South Dakota’s Badlands National Park

I went to the Dakotas to see how Nature Needs Half can be approached through a mosaic of different land protection types—public, private, communal, etc – encompassing wilderness, national parks, working landscapes, recreational areas, and more. What’s more, HALF is as cultural and personal as it is scientific and practical. I started in South Dakota….

The Badlands landscape felt mystical, and I was unprepared for the impact it would have on me when we visited South Dakota’s Badlands National Park and wilderness area.  In hindsight it was a mixture of numerous aspects that converged to form a multi-layered psychic impression.

First and foremost, of course, is the landscape itself. The black, brown, red and purple formations of fantastical ridges, mesas, and canyons interspersed and contrasted with expansive swaths of grass (made green by spring rains) is the result of some 75 million years of varied geological activity. The oldest (and lowest) part of it is fossilized mud from the bed of an ancient sea that extended from north to south for thousands of miles in the middle of what is now the United States. The succeeding upper layers of different sandstones and other rocks were laid down as the sea receded and primordial rivers deposited sediment on the floodplains, after which forests took over, followed by grasslands and eventually volcanoes.  In the last 500,000 years, this process of earth-building reversed and erosion took over, with wind and rain crafting a surrealist landscape masterpiece.

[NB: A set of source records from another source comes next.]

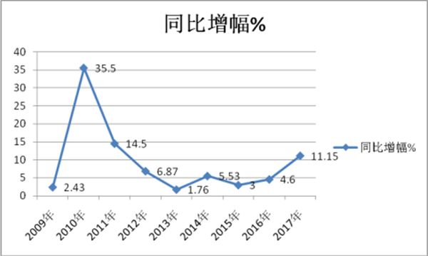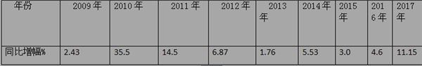 下表是2009年-2017年旅游客车市场的增幅%表
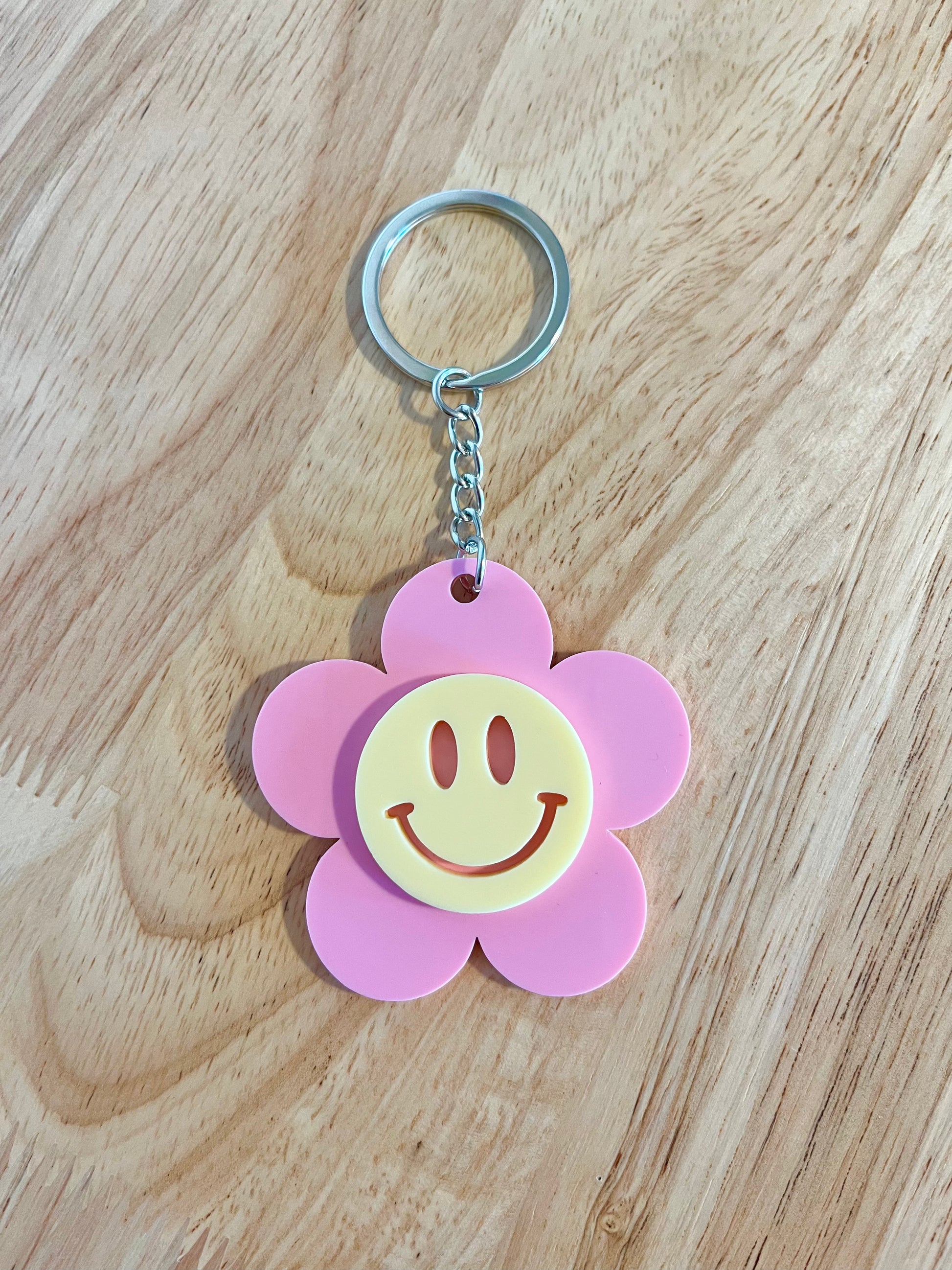 Add a pop of colour and joy to your everyday with our Smiley Flower Keyrings!
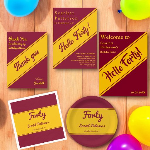 ラグジュアリーエレガント・ブルゴーニュと金ゴールド40歳の誕生日 スタンダードカクテルナプキン
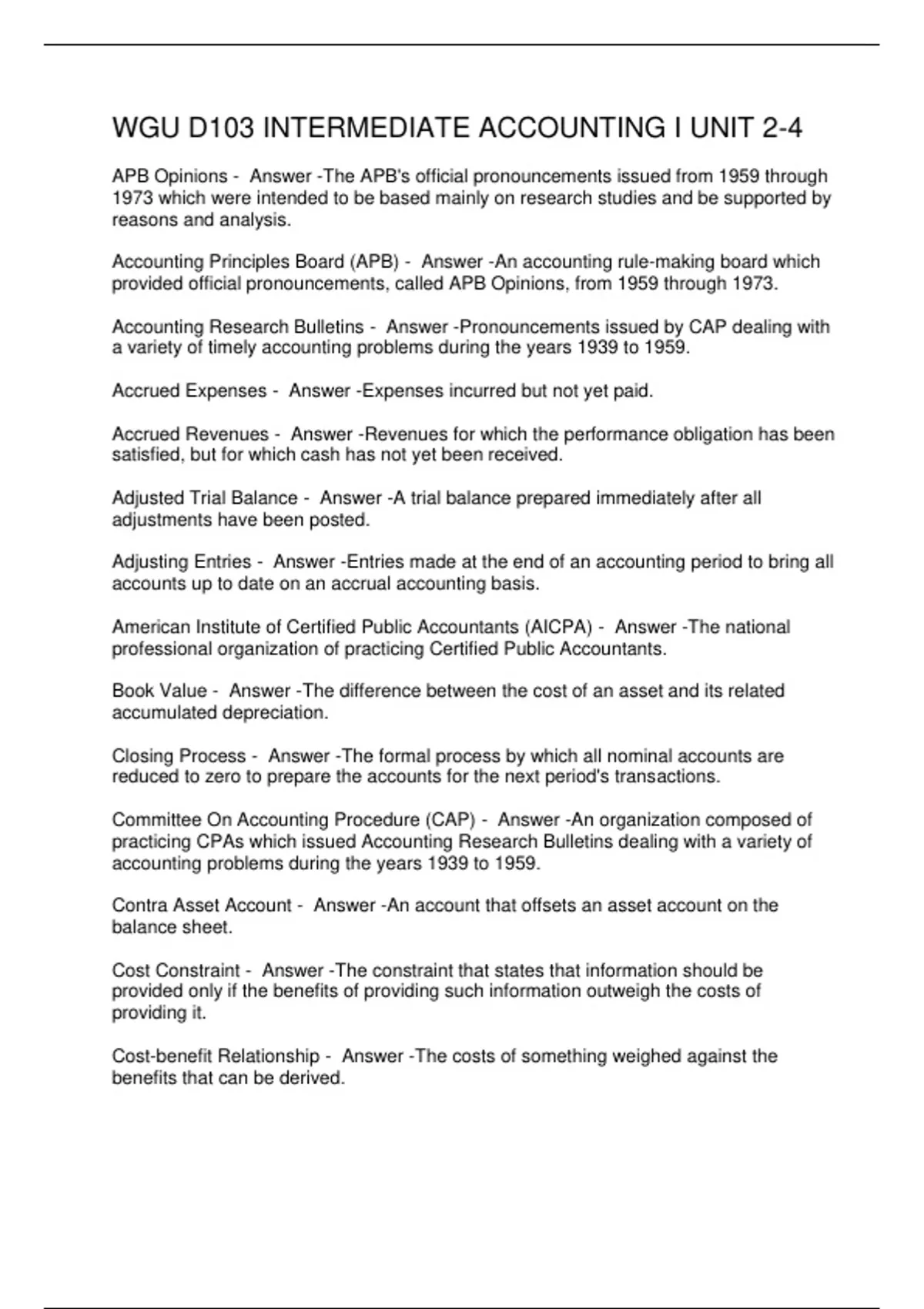 WGU D103 INTERMEDIATE ACCOUNTING I UNIT 2-4
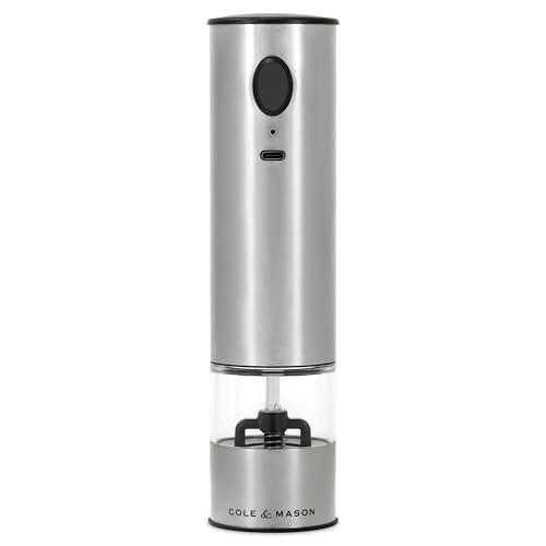 Cole & Mason Battersea Salt och pepparkvarn elektrisk, automatisk kryddkvarn, justerbar keramisk kvarn, 21 cm, rostfritt stål/akryl, elektrisk saltkvarn, USB-C, innehåller 1 x kvarn
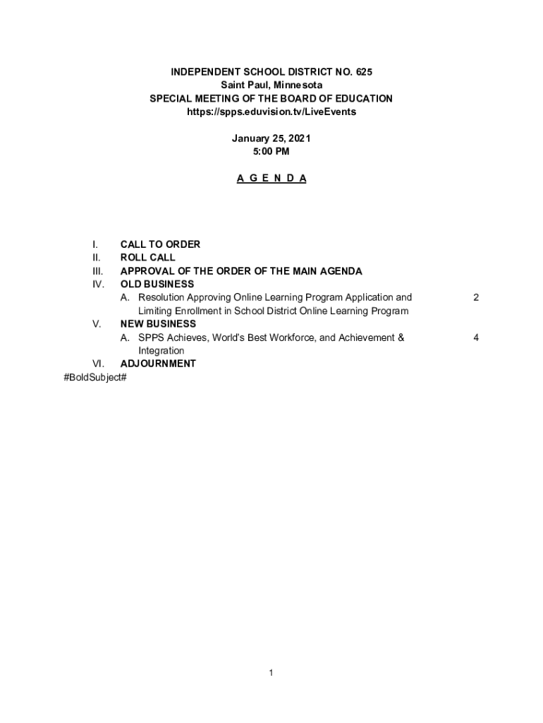 INDEPENDENT SCHOOL DISTRICT NO. 625 Saint Paul, Minnesota SPECIAL MEETING OF THE BOARD OF EDUCATION https://spps.eduvision.tv/LiveEvents January 25, 2021 5:00 PM A G E N D AI. II. III. IV.CALL TO
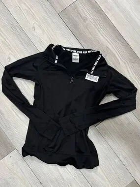 Sleek black half-zip pullover from PINK Victoria's Secret. Long sleeves with slim fit. Branded trim at the collar for subtle detail. Lightweight stretch fabric for easy layering.
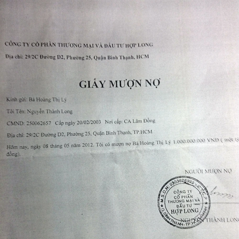 Các chứng từ ông Long mượn nợ đã được nộp cho cơ quan điều tra

The large complex of protected areas – the 244,000 acre (100,000 ha) National Park contains a 64,000 acre (25,600 ha) Wilderness Area, all of which is surrounded by the nearly 600,000 acre (240,000 ha) Buffalo Gap National Grasslands, and adjacent to the famous Pine Ridge Reservation – is a wildlife treasure house.  It’s here that the black footed ferret, once thought to be extinct – has staged a comeback through the efforts of a well-managed species survival and reintroduction program.  The American bison, or “buffalo,” also once almost driven to extinction by humans, is expanding its numbers.  Less easy to see is the diminutive Swift Fox, bobcat, and bighorn sheep, plus of course the ubiquitous coyote, blacktailed prairie dogs, and more.  When I visited in late spring the birds were busy nesting, and the trill of the red-winged blackbirds blended seamlessly with the constant, lilting call of the western meadowlarks. All of this was framed by a cloudless blue sky…what a couple of days!

Finally, the human culture of the landscape is high intensity stuff. The Lakota spirit is everywhere and palpable, even though they only came into the upper Great Plains in the 18th century, pushing out the Arikara and assuming control of the vast grasslands and herds of buffalo, before they too were ruthlessly pushed out and their culture almost destroyed by white pioneer settlers, miners, and the US Cavalry — not a proud moment in US history.

The Badlands are just a tiny part of South Dakota, an amazing place.  I was further west in the expansive Black Hills the next day, looking at a piece of petrified wood I picked up when I was told  by a private land owner that  136 “minerals of interest” had been identified across the state.  His comment made me consider again how virtually all of the human drama played out across the US and global landscapes has been and continues to be in pursuit of nature’s riches – wildlife, minerals, water, trees, even grass.

Our Nature Needs Half initiative is an attempt to alter the course of this human combat with Nature and each other, to go beyond thinking only about what we need, and to consider even briefly, “What does Nature need?”